Speaking of vaccines, Fisher widely features anti-vax attitudes as an example of a radicalization rabbit hole driven by social media. He points to the spread of conspiracies related to the Zika vaccine in Brazil in 2016. What he doesn’t bother to mention is that these conspiracies were not driven by right-wing attitudes but rather over the false claim that pesticides, rather than the Zika virus, were causing an outbreak of microcephaly—a claim echoed on social media by the progressive actor Mark (the Hulk) Ruffalo. Rather than use this example to highlight the pan-partisan nature of online conspiracy theories, Fisher instead points to the case of a Brazilian woman named Gisleangela Oliveira dos Santos who was taken in by anti-Zika vaccine conspiracies related to microcephaly on YouTube and later voted for right-wing Brazilian presidential candidate Jair Bolsonaro.

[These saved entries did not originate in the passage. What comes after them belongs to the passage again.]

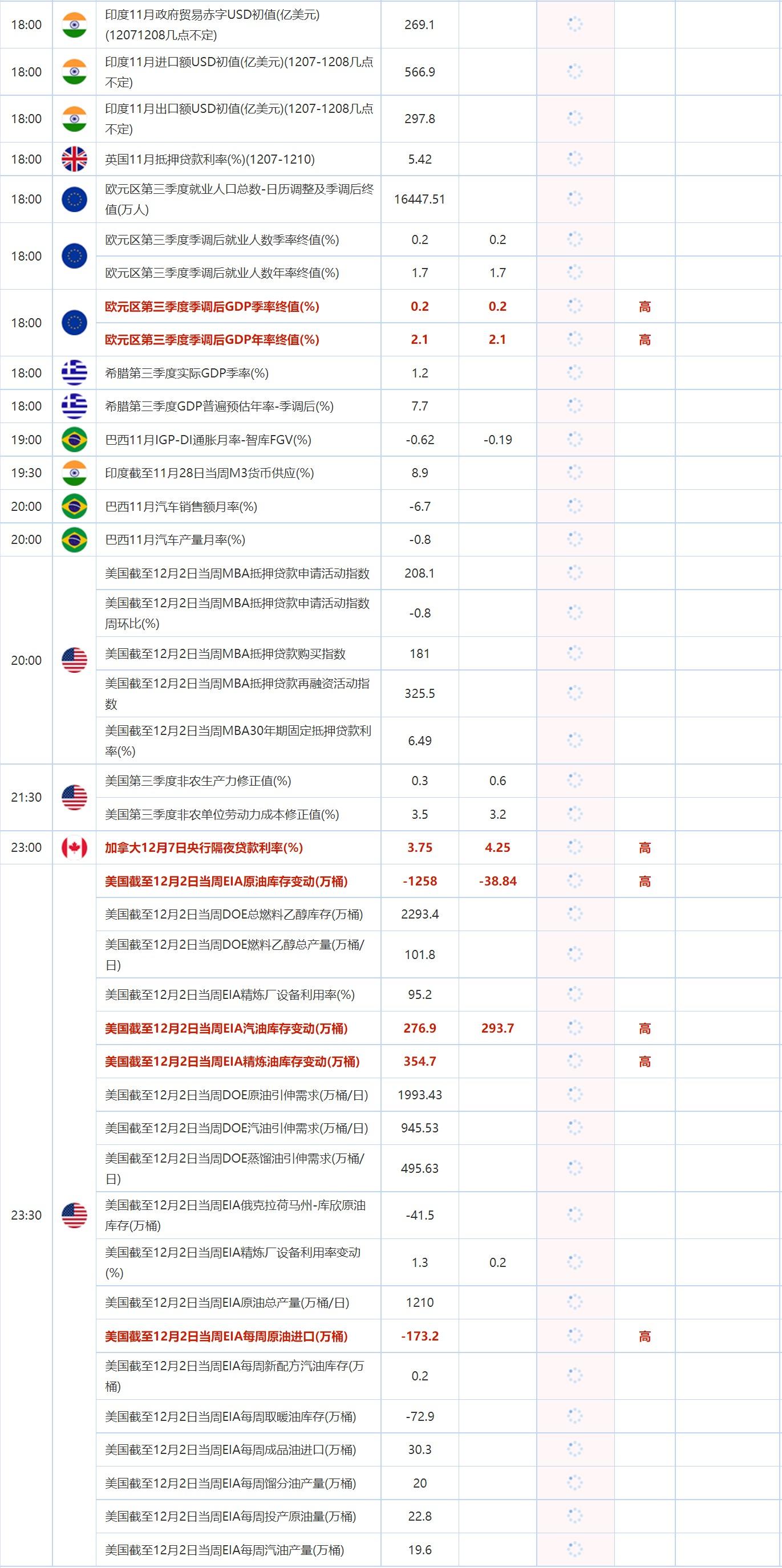 23:00?加拿大12月7日央行隔夜贷款利率(%)?,?前值?3.75?,?预期值?4.25?,?公布值:待发布
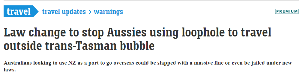 标题: 堵上漏洞!澳洲出台法律禁止澳人从新西兰去他国旅行!违者或将被罚6万澳元!
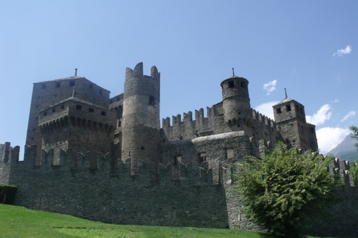L’altro castello che mi ha lasciata davvero a bocca aperta è quello di Fenis, da non perdere assolutamente. E’ conosciuto anche all’estero ed invidiato ovunque, per la sua bellezza ed imponenza. Le grandi torri cilindriche, la cinta muraria e i torrioni fanno pensare ad un edificio a scopo difensivo, quando in realtà è stato costruito come residenza della famiglia Challant, non subendo mai attacchi. Anche qui ogni stanza ha un grande camino e soffitti molto alti. Le guide qui sono ultra preparate e la visita al castello è molto emozionante. Sembra di rivivere i momenti della vita di questa nobile famiglia.
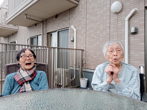 ですが、アミカの郷川口の皆様は元気にお過ごしです(´ω`*) 風が少しありましたが、テラスでおやつを召し上がっていただきました♡
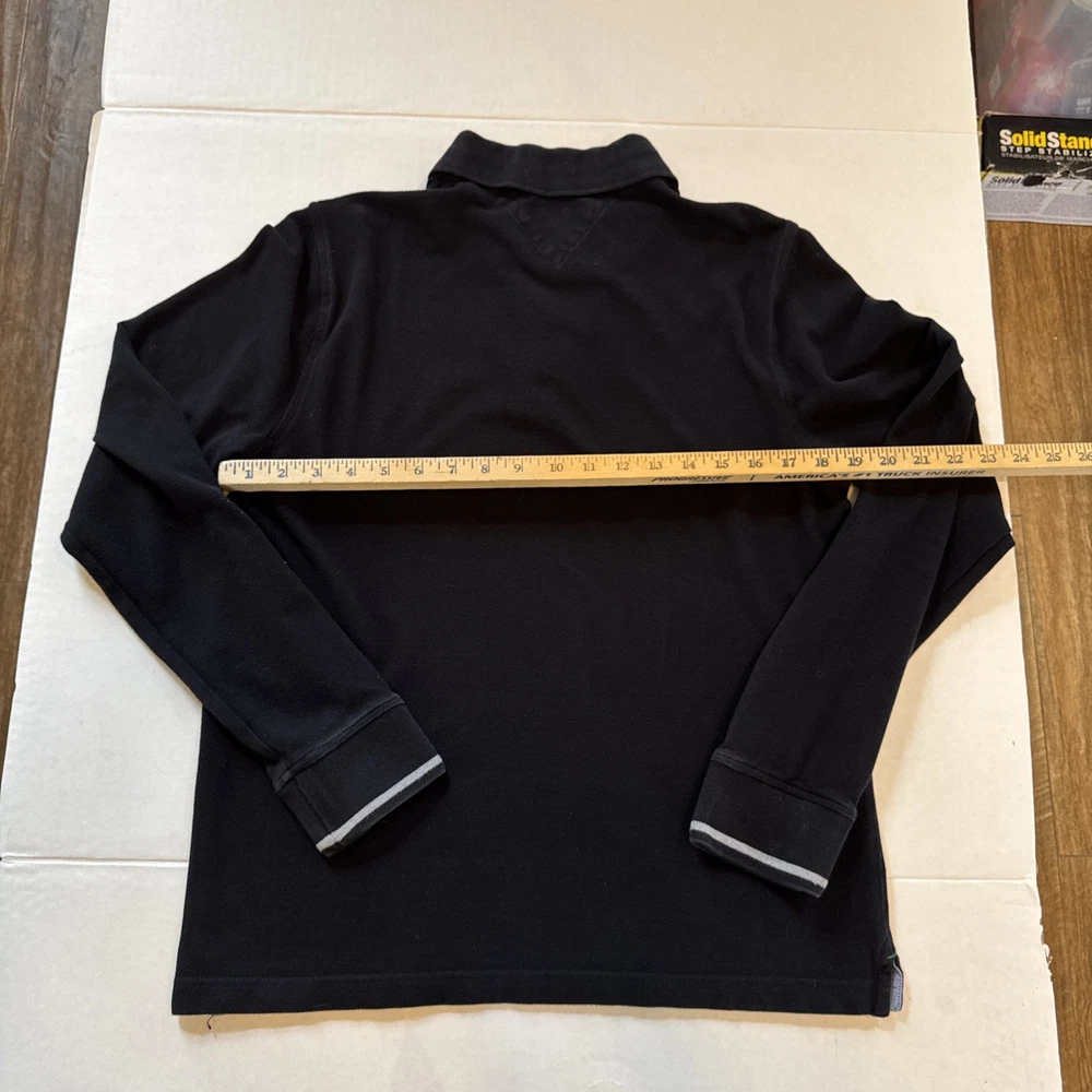 Crafted with the classic style and comfort that the brand is known for, this men's polo by Tommy Hilfiger features a timeless striped pattern. The regular fit design ensures a flattering silhouette for everyday wear, while the long sleeves add a touch of sophistication to your ensemble. In a versatile medium size, the shirt boasts a crisp green hue that pairs effortlessly with a variety of bottoms. The fabric is meticulously washed to achieve a medium level, enhancing both the look and feel of the shirt. Whether for casual outings or smart-casual events, this polo is an exemplary addition to your wardrobe.
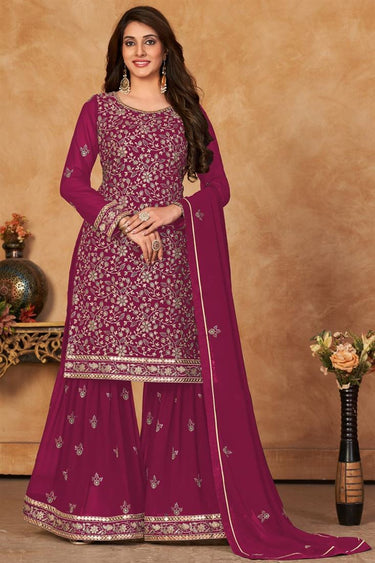 Georgette Fabric Sangeet Wear Wonderful Sharara Suit In Rani Color
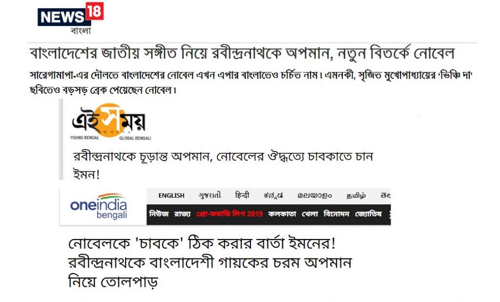 আরেকটি পোর্টালের শিরোনাম, “নোবল করলেন রবীন্দ্রনাথ ঠাকুরের সৃষ্টিকে অপমান, ইমন চক্রবর্তী ক্ষুব্ধ!” অন্য একটিতে লেখা হয়েছে, “বিশ্বকবি রবীন্দ্রনাথ ঠাকুরকে নাকচ করে দিলেন নোবেল! উঠতি গায়কের ঔদ্ধত্যে তাঁকে চাবকাবেন প্রসিদ্ধ গায়িকা ইমন”

Now, it is true that some of theextreme examples of right-wing radicalization that Fisher cites don’t currently have equivalently dangerous counterparts on the left. But he specifically mentions that years of neglecting to focus on these radicalizing phenomena helped them breed unmolested. His one-sided focus in The Chaos Machine risks doing just that for his side of the aisle. Members of Congress such as Marjorie Taylor Greene and Lauren Boebert are called “fringe conspiracists” who succeed only by plucking extremist strings online, but there is no mention of congresswomen Rashida Tlaib or Ilhan Omar, who have both shared anti-Semitic blood libels and engaged in racist dog-whistling on social media to the tune of tens of thousands of shares and likes.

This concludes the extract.